Start of SUPPLIED ENTRIES

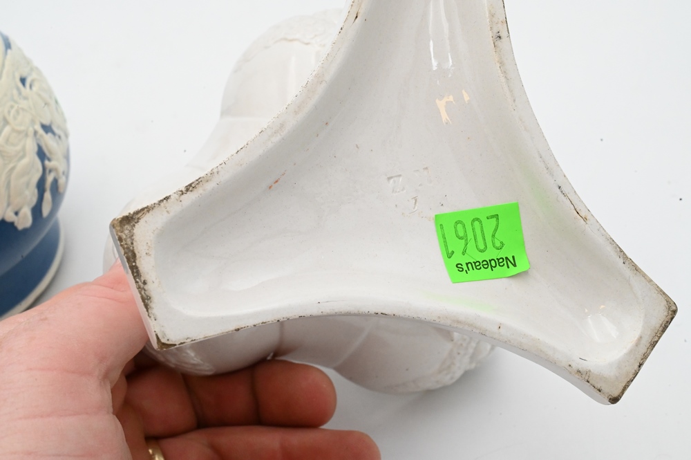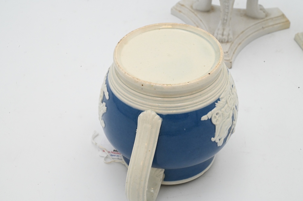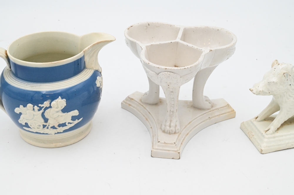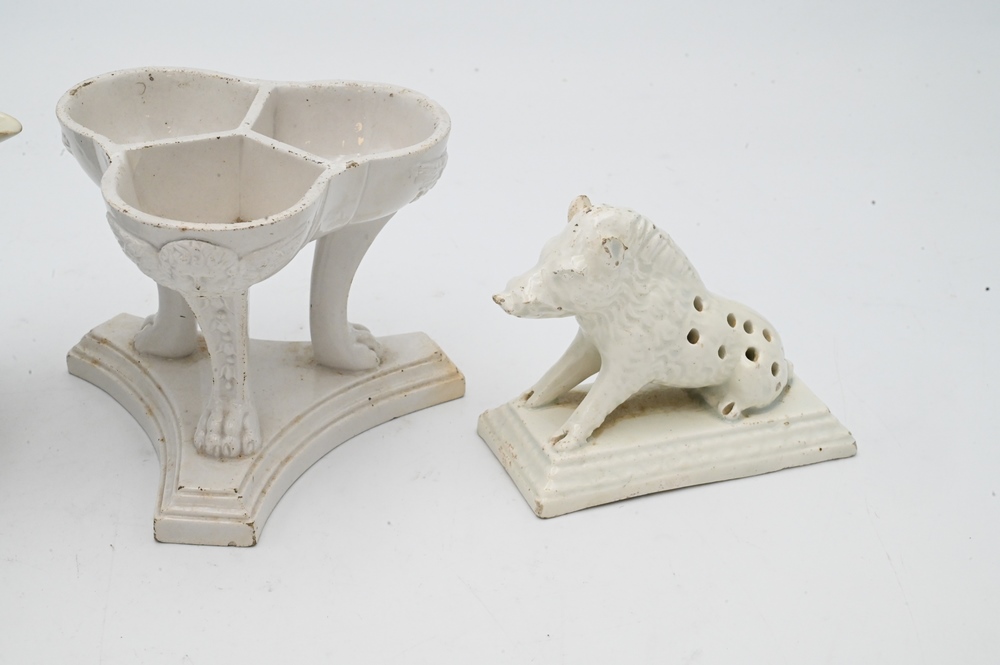 Lot 351: Three Piece Creamware Lot, having boar, three section compote and creamer, (boar ear chipped/creamer with hairline), heights 3 1/4 – 4 inches.
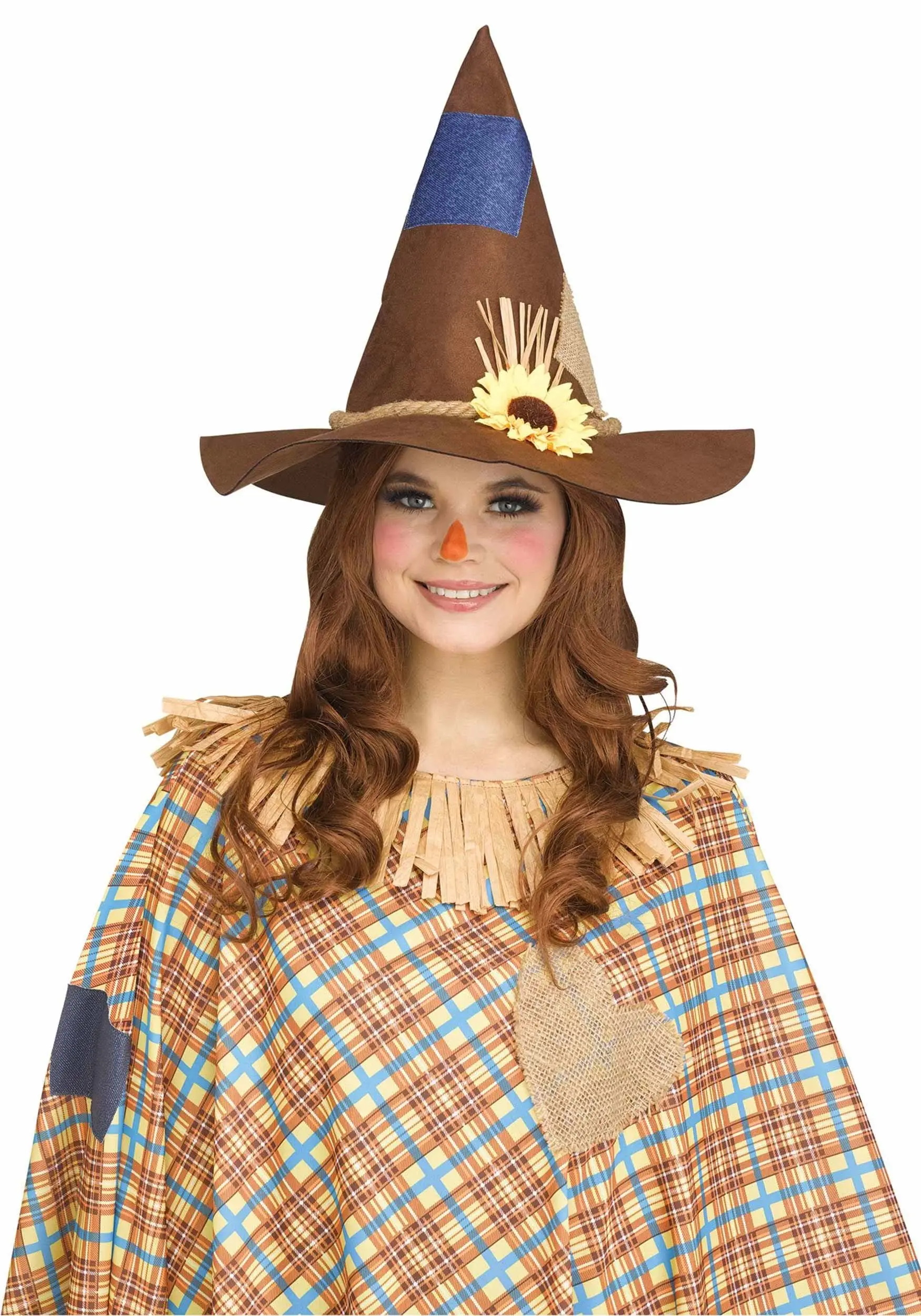 This Sweet Scarecrow Hat is a brown cone-shaped cap with a wide brim. There are different colored patches added to the hat, making it even more adorable. The cherry on top, so to speak, is the lovely sunflower on the front of the accessory. Once you complete your scarecrow transformation with this sweet and stylish hat, you’ll be hearing more “awes” and less “caws”.
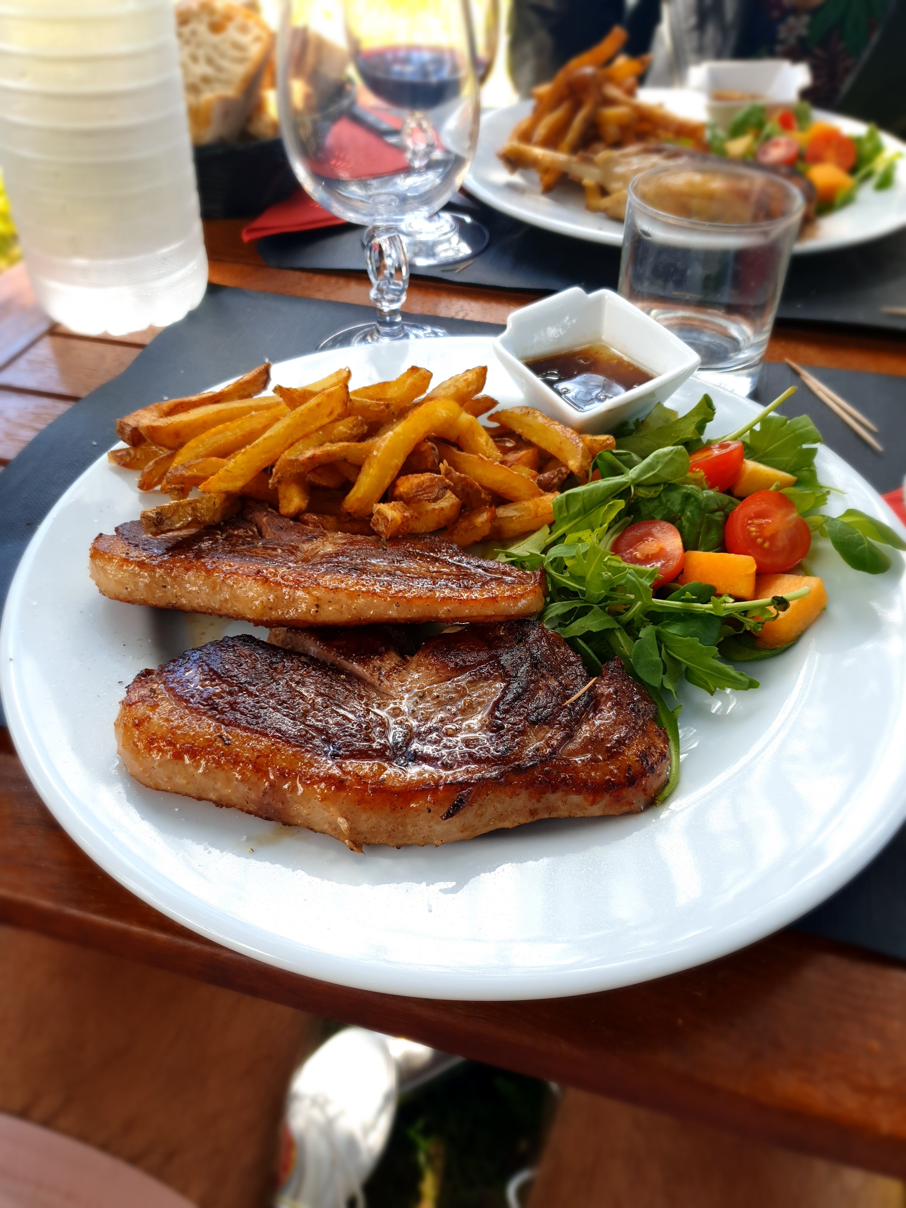 La carte est minuscule, le repas est grandiose. Nous avons goûté les cœurs, les côtes et le magret de canard. Tout était excellent, cuit à la perfection, tout en restant simple, du poivre du sel, un bon produit, du savoir faire et c'est parfait (et un bon vin). Les papilles en redemandent mais le ventre n'en peut plus. De plus, une équipe souriante et agréable, un patron qui sait de quoi il parle, une note pas très salée et un cadre dépaysant et agréable même lors de fortes chaleurs. On ne peut que recommander!
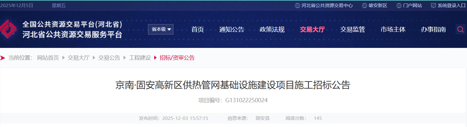 京南 ·固安高新区供热管网基础设施建设项目 已由 固安县发展和改革局 以 固安县发展和改革局 关于京南 ·固安高新区供热管网基础设施建设项 目初步设计的批复 , 固发改投资〔 2025〕44 号 批 准建设,建设资金来自 财政资金 ,国有资金占比 100% ,财 政资金占比 100% 。
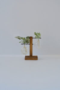 כלי לייחור מעץ עם שני מבחנות בצורה אסימטרית
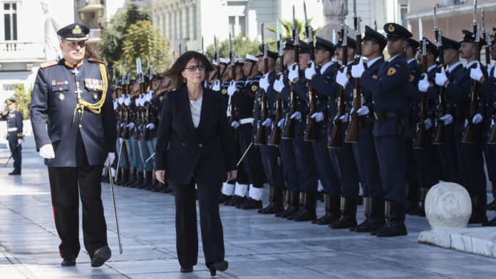 Με νεύματα ευγενείας έναντι χειραψίας η υποδοχή της Κ. Σακελλαροπούλου
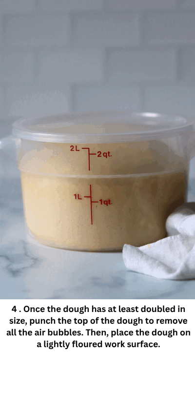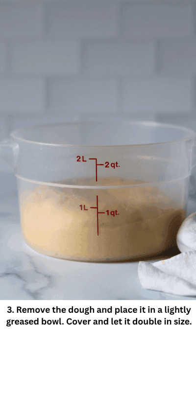 - Place dough in a greased bowl, cover, and let it double in size (about 1-2 hours).

End of SUPPLIED ENTRIES

- _YOUR GOAL_
Before you print the records, please set aside any pictures and keep everything else exact.

- _EXPECTED ANSWER_
 Lot 351: Three Piece Creamware Lot, having boar, three section compote and creamer, (boar ear chipped/creamer with hairline), heights 3 1/4 – 4 inches.
 This Sweet Scarecrow Hat is a brown cone-shaped cap with a wide brim. There are different colored patches added to the hat, making it even more adorable. The cherry on top, so to speak, is the lovely sunflower on the front of the accessory. Once you complete your scarecrow transformation with this sweet and stylish hat, you’ll be hearing more “awes” and less “caws”.
 La carte est minuscule, le repas est grandiose. Nous avons goûté les cœurs, les côtes et le magret de canard. Tout était excellent, cuit à la perfection, tout en restant simple, du poivre du sel, un bon produit, du savoir faire et c'est parfait (et un bon vin). Les papilles en redemandent mais le ventre n'en peut plus. De plus, une équipe souriante et agréable, un patron qui sait de quoi il parle, une note pas très salée et un cadre dépaysant et agréable même lors de fortes chaleurs. On ne peut que recommander!
 京南 ·固安高新区供热管网基础设施建设项目 已由 固安县发展和改革局 以 固安县发展和改革局 关于京南 ·固安高新区供热管网基础设施建设项 目初步设计的批复 , 固发改投资〔 2025〕44 号 批 准建设,建设资金来自 财政资金 ,国有资金占比 100% ,财 政资金占比 100% 。
 כלי לייחור מעץ עם שני מבחנות בצורה אסימטרית
 Με νεύματα ευγενείας έναντι χειραψίας η υποδοχή της Κ. Σακελλαροπούλου
 - Place dough in a greased bowl, cover, and let it double in size (about 1-2 hours).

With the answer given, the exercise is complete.